------ AVAILABLE DATA

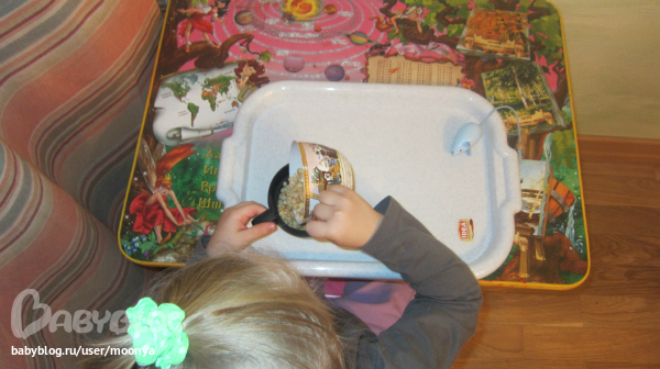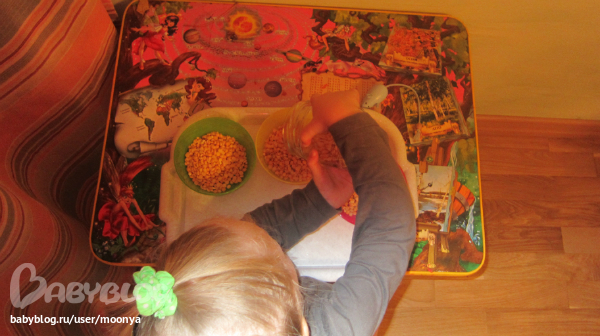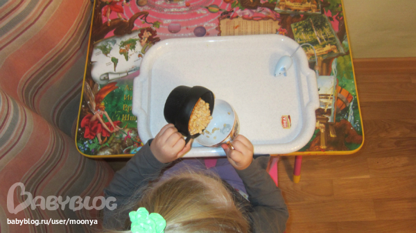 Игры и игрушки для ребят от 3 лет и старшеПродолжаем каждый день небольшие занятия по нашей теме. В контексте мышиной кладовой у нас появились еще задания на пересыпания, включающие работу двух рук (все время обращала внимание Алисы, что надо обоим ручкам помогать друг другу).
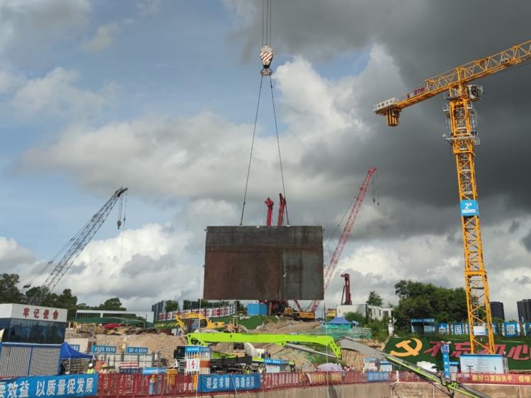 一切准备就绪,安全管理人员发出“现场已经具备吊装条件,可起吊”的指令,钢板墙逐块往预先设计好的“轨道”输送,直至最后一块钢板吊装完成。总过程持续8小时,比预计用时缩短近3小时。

------------
------ AVAILABLE DATA

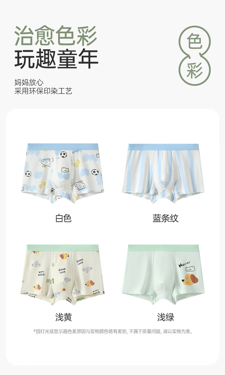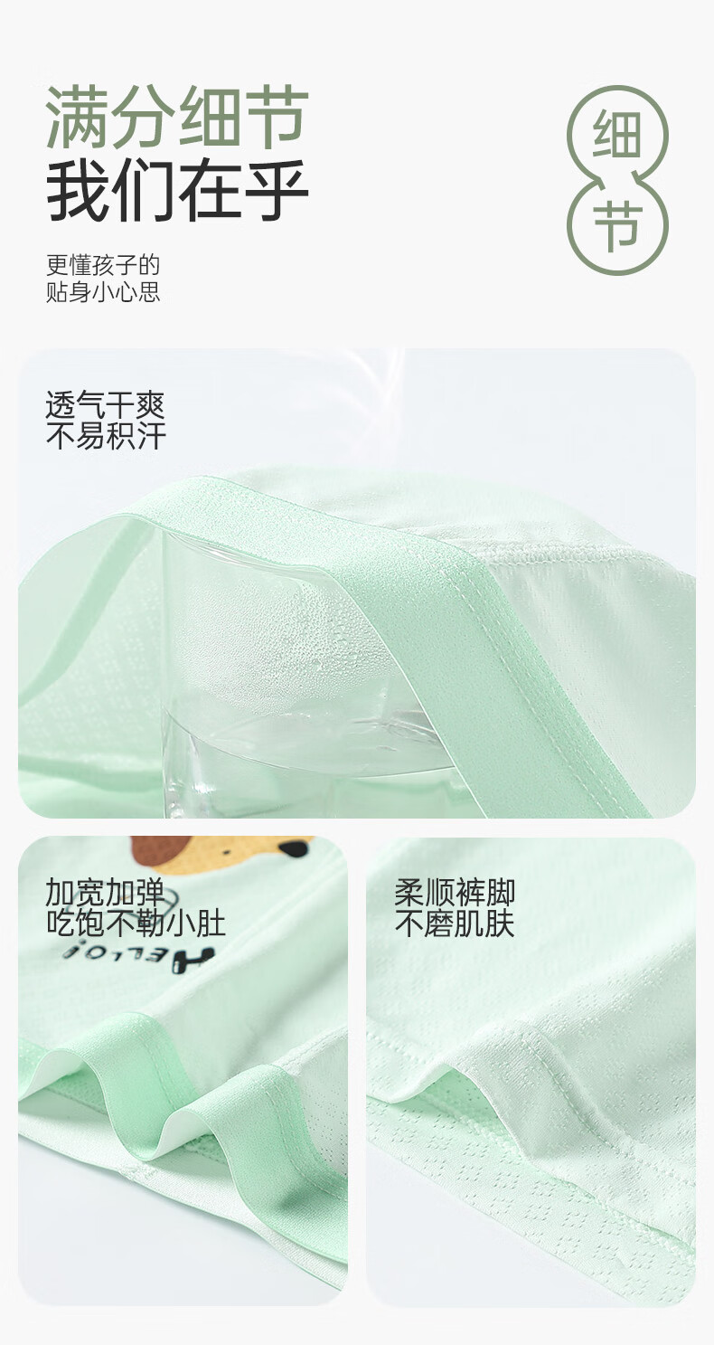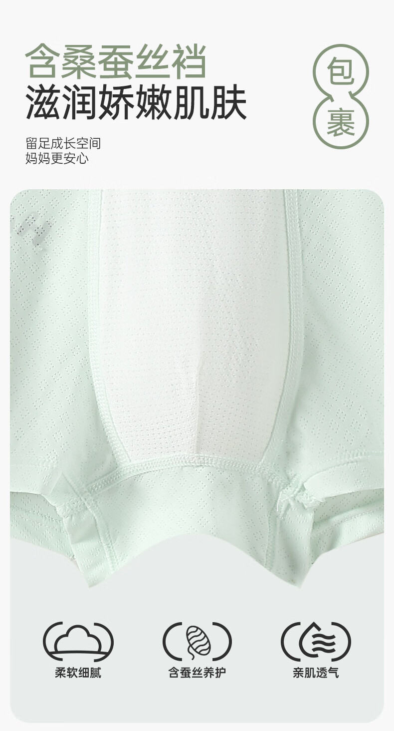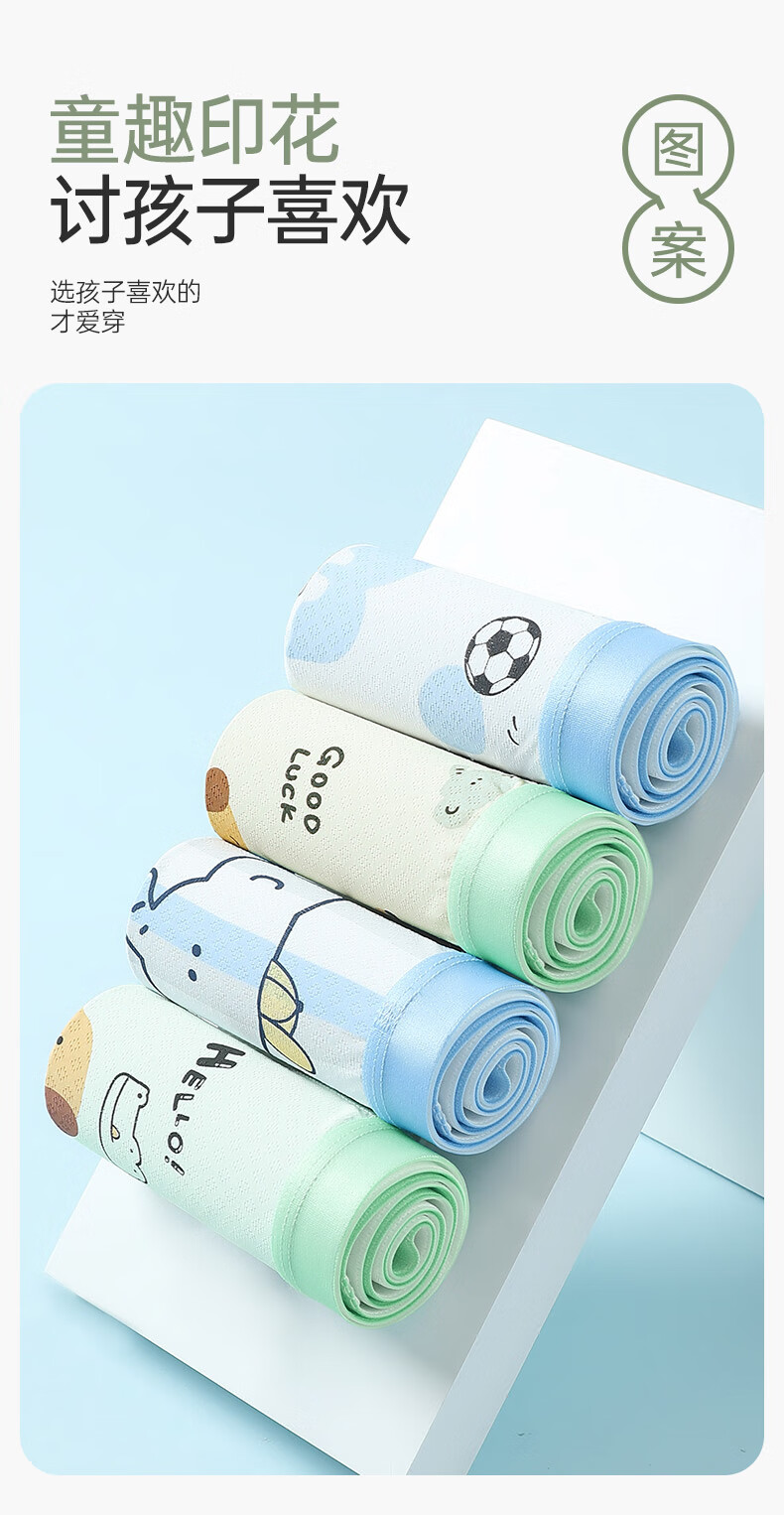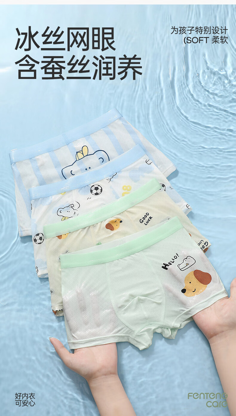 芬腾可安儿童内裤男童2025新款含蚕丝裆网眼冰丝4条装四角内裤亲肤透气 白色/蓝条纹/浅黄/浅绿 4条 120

------------

Working from the data above, repeat exactly, and only, the lines that begin at the line containing "Игры и игрушки" and stop after the line containing "一切准备就绪,安全管理人员发"; pictures are not copied.

**FINISHED TASK**
 Игры и игрушки для ребят от 3 лет и старшеПродолжаем каждый день небольшие занятия по нашей теме. В контексте мышиной кладовой у нас появились еще задания на пересыпания, включающие работу двух рук (все время обращала внимание Алисы, что надо обоим ручкам помогать друг другу).
 一切准备就绪,安全管理人员发出“现场已经具备吊装条件,可起吊”的指令,钢板墙逐块往预先设计好的“轨道”输送,直至最后一块钢板吊装完成。总过程持续8小时,比预计用时缩短近3小时。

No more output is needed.